К ним подъехал Гордиан – щуплая, малорослая черная фигурка верхом на норовистом жеребце. Он тотчас же начал упрекать Салима за то, что тот тратит время на возню с этими жалкими чужеземцами; пусть себе убираются куда хотят. Не замедлил показаться и Амир-заде. Он заявил Салиму, что отпустить англичан было бы нелепо; всякий добрый курд немедля пристрелил бы их и взял себе их поклажу и платье. Родственники тут же сцепились, и каждый стал проклинать бога за продление жизни другого.

Эссекс заинтересовался этой парой.

– Насколько я могу понять, – сказал ему Мак-Грегор, – они расходятся во взглядах на задачи племени мукри. Амир-заде, тот, что посветлее лицом, – обыкновенный разбойник: он считает, что курд рожден, чтобы грабить и убивать. А у Гордиана есть какие-то политические идеи; трудно сказать, какие именно, но, во всяком случае, он презирает Амир-заде за его грубость.

– Оба они головорезы, по-моему, – сказала Кэтрин. – Особенно тот маленький, черный. Гордиан, что ли?

– Да, но для нас Амир-заде опаснее. В одном они согласны друг с другом: оба хотят от нас избавиться. Но Амир-заде требует, чтобы нас пристрелили, а Гордиан предлагает просто бросить нас на произвол судьбы в этом диком краю. – Мак-Грегор не склонен был принимать эти угрозы всерьез: курды любят громкие слова.

Им пришлось прекратить разговор, потому что Салим перешел на такой аллюр, который потребовал от всадников внимания. Они забирались все выше и выше, и облака теперь стлались под ними, скрывая от глаз долины. Они все время ехали по самому гребню, отклоняясь немного, лишь когда приходилось объезжать слишком крутые пики.

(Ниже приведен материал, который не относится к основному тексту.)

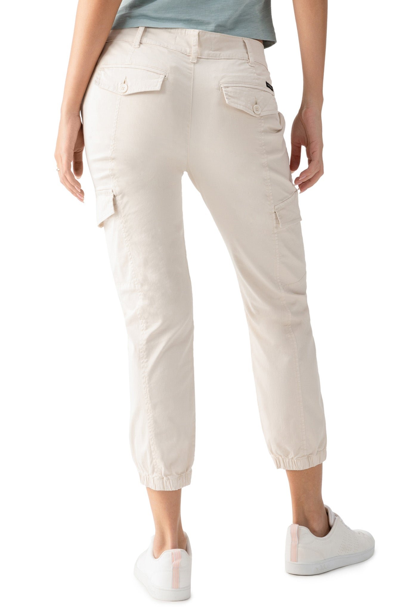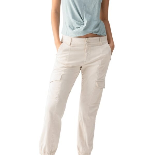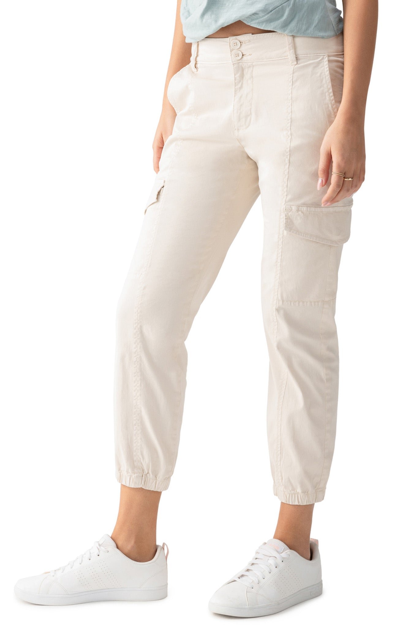 make any day a stylish mission with these off-white utility style pants. pants feature two military-inspired cargo pockets. elasticized cuffs. and a relaxed fit. pants are a great transitional piece to wear from summer into fall.?
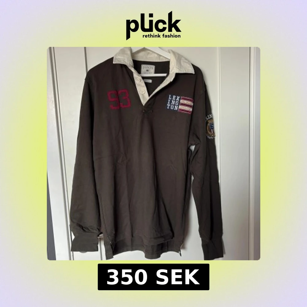 Snygg brun/ grön långärmad pikétröja från Lexington med vit krage, broderad siffra 93 och flaggdetalj på bröstet samt patch på ärmen. Klassisk rugbykänsla och skön bomullskvalitet. Perfekt för dig som gillar preppy stil.
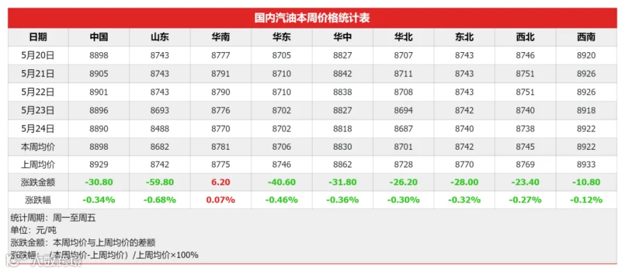 因上周五原油价格走涨,提振国内市场心态,加上前期炼厂利润倒挂,多积极推涨,在买涨心态刺激下,业者采购积极性较高,汽柴船单成交增多,市场成交明显好转,但汽油刚需暂无利好提振,涨幅相对受限;随后,原油价格大跳水,连续四个工作日走跌,市场观望情绪加剧,且部分业者阶段性备货收尾,以销定进为主,购销氛围再次转淡,汽柴价格随之走跌。

Путь вдоль гребня был настолько узким, что ехать можно было только гуськом. Но и это оказалось нелегко на такой каменистой, дороге. Правда, камни были присыпаны снегом и лошади не скользили, но все же дорога требовала напряжения всех сил и коня и от всадника, в особенности при том темпе, который задавал Салим. Как только дорога становилась чуть поровнее, он поднимал своего коня в галоп и не сбавлял шага там, где путь то и дело преграждали крупные камни. Без привычки выдержать такую езду было почти невозможно.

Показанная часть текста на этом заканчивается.